▶ Task
Only the pictures are to be left out; return the rest of the data exactly as it stands.

▶ Data
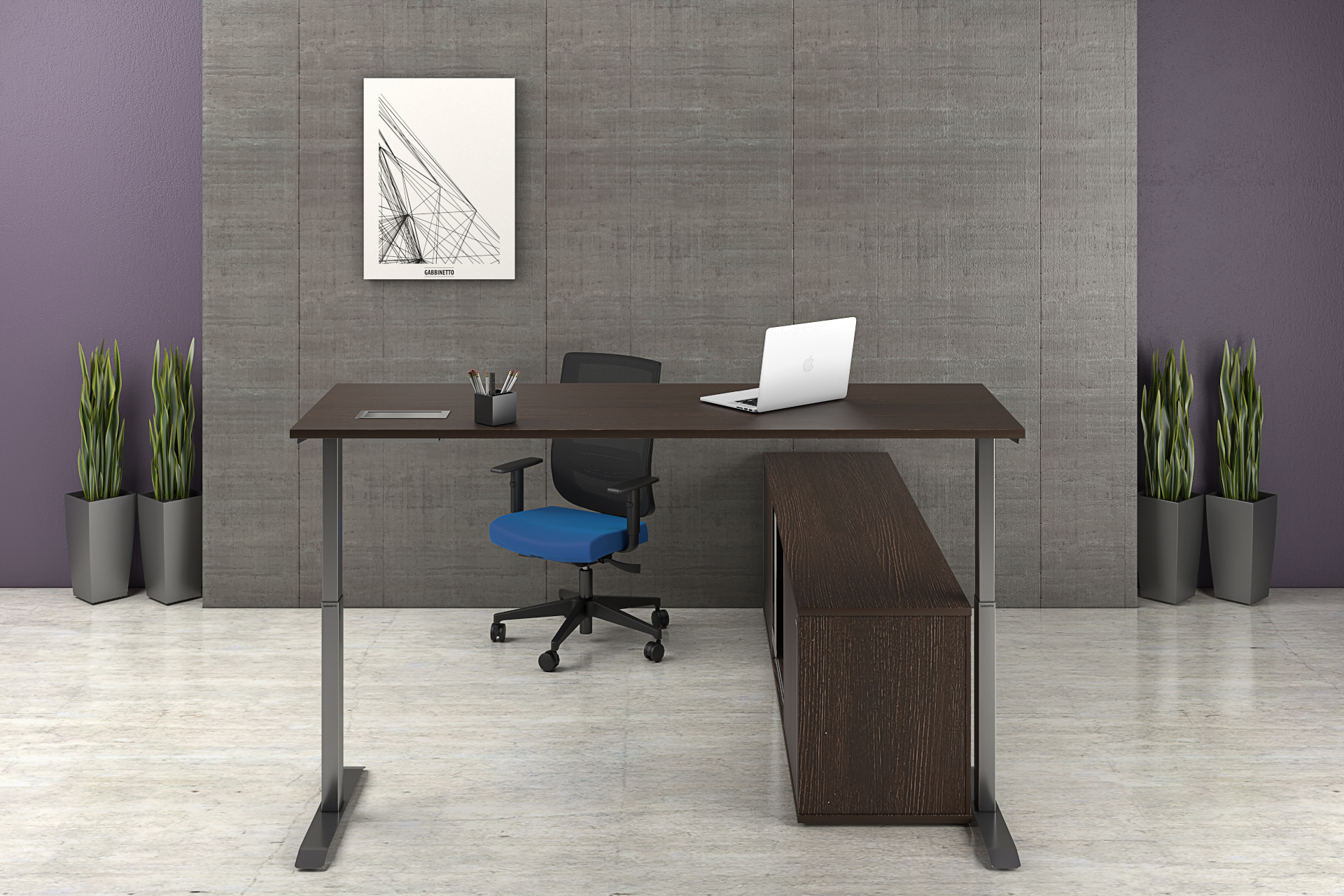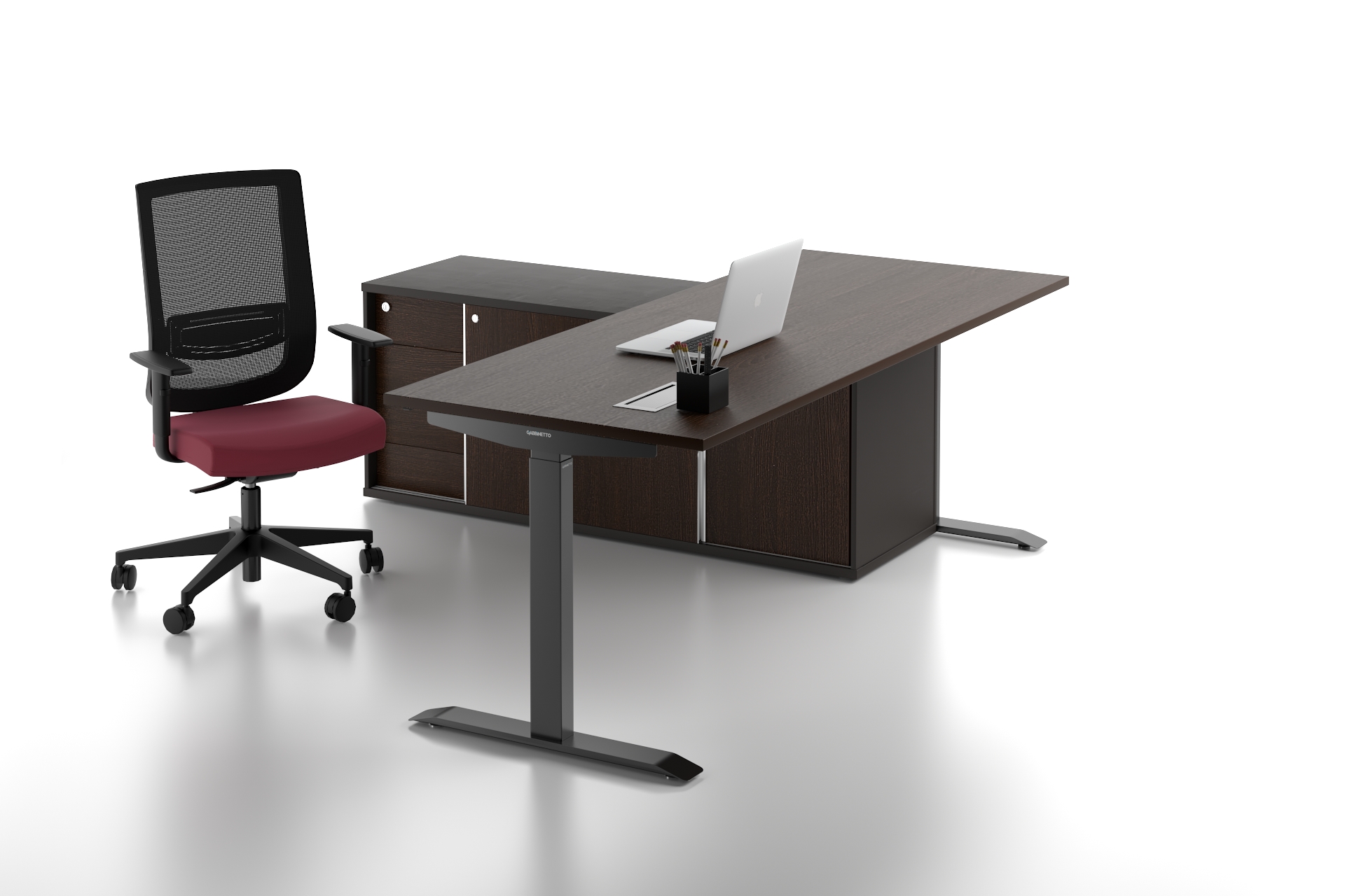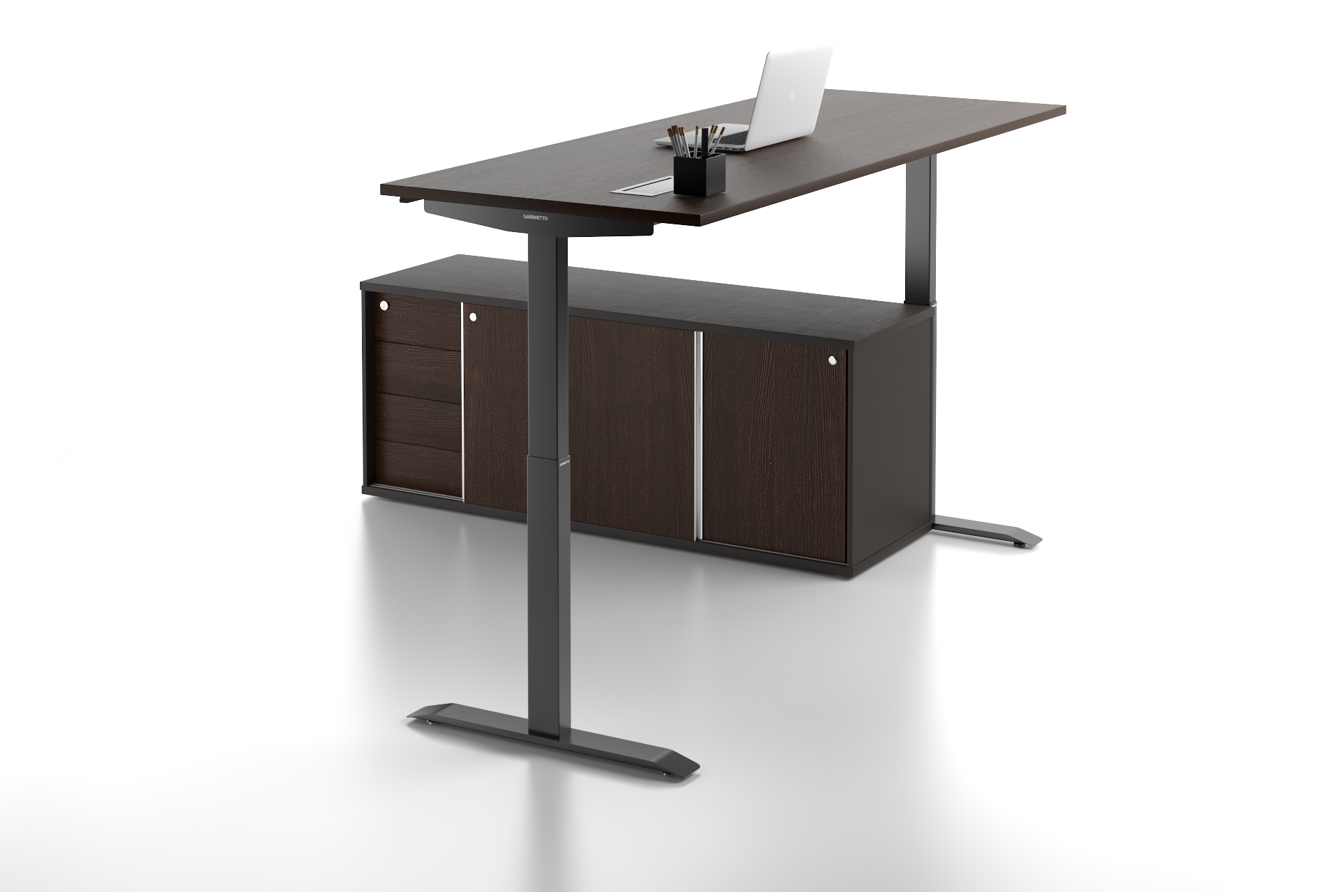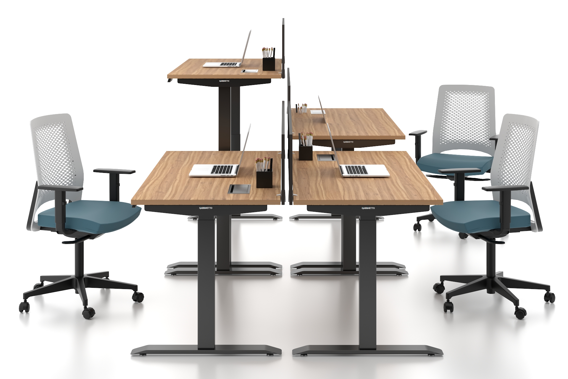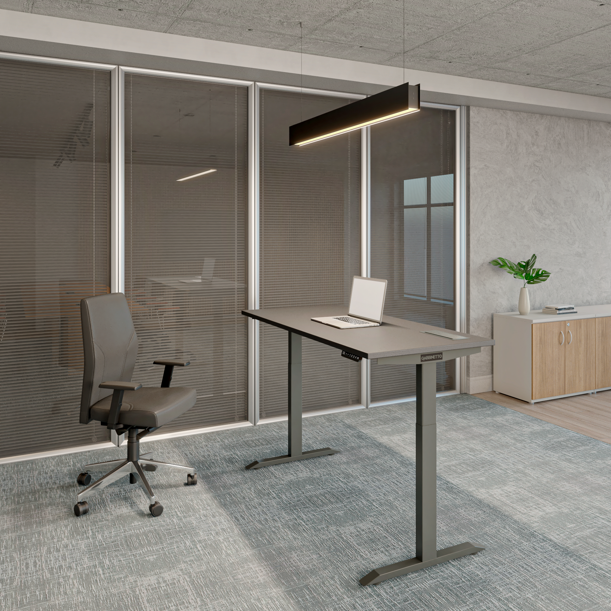 A mesa SD da Gabbinetto foi projetada para revolucionar seu modo de trabalho. Com regulagem elétrica de altura e 3 memórias programáveis, ela permite alternar facilmente entre trabalhar sentado ou em pé, garantindo mais conforto e naturalidade no seu dia a dia.
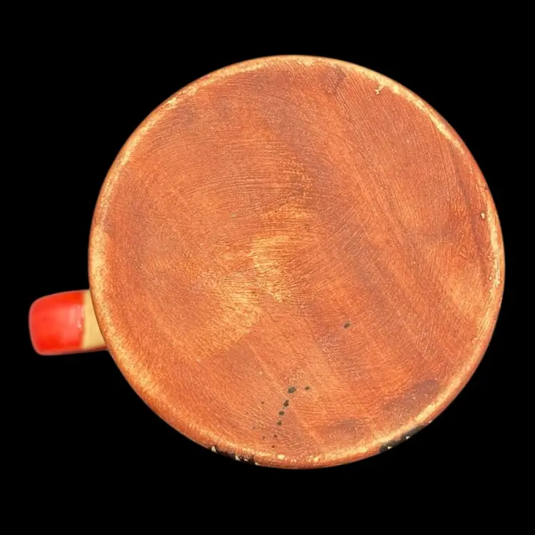 This cup has never been used and is in very good condition. The red glazed portions have crazing due to age, but the watercolor portions are unglazed and have no crazing.
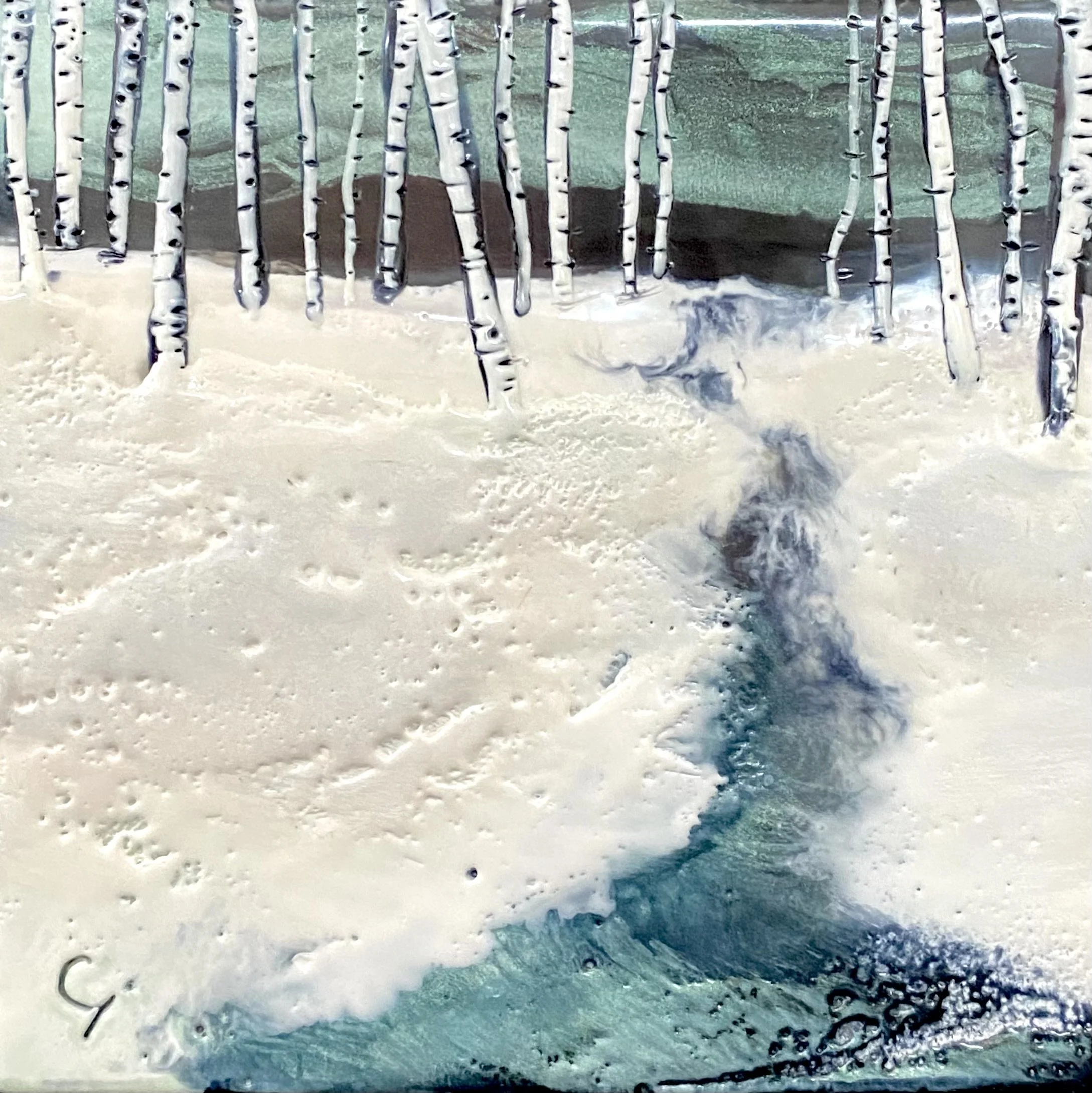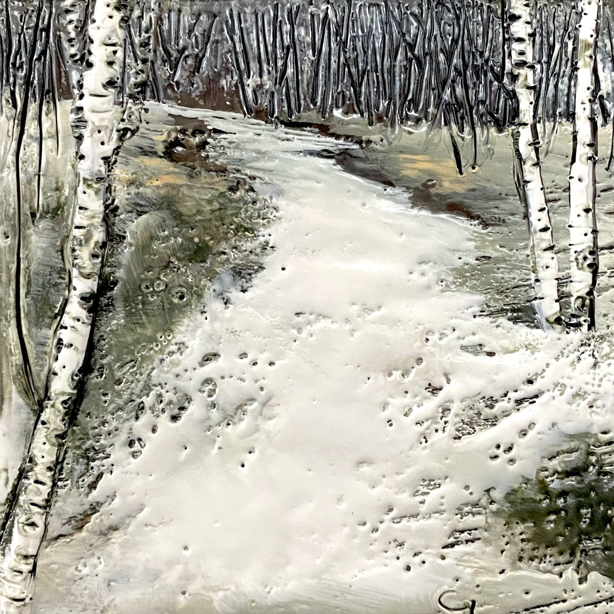 6x6” Encaustic Mixed Media on Cradle Board

▶ Your solution
 A mesa SD da Gabbinetto foi projetada para revolucionar seu modo de trabalho. Com regulagem elétrica de altura e 3 memórias programáveis, ela permite alternar facilmente entre trabalhar sentado ou em pé, garantindo mais conforto e naturalidade no seu dia a dia.
 This cup has never been used and is in very good condition. The red glazed portions have crazing due to age, but the watercolor portions are unglazed and have no crazing.
 6x6” Encaustic Mixed Media on Cradle Board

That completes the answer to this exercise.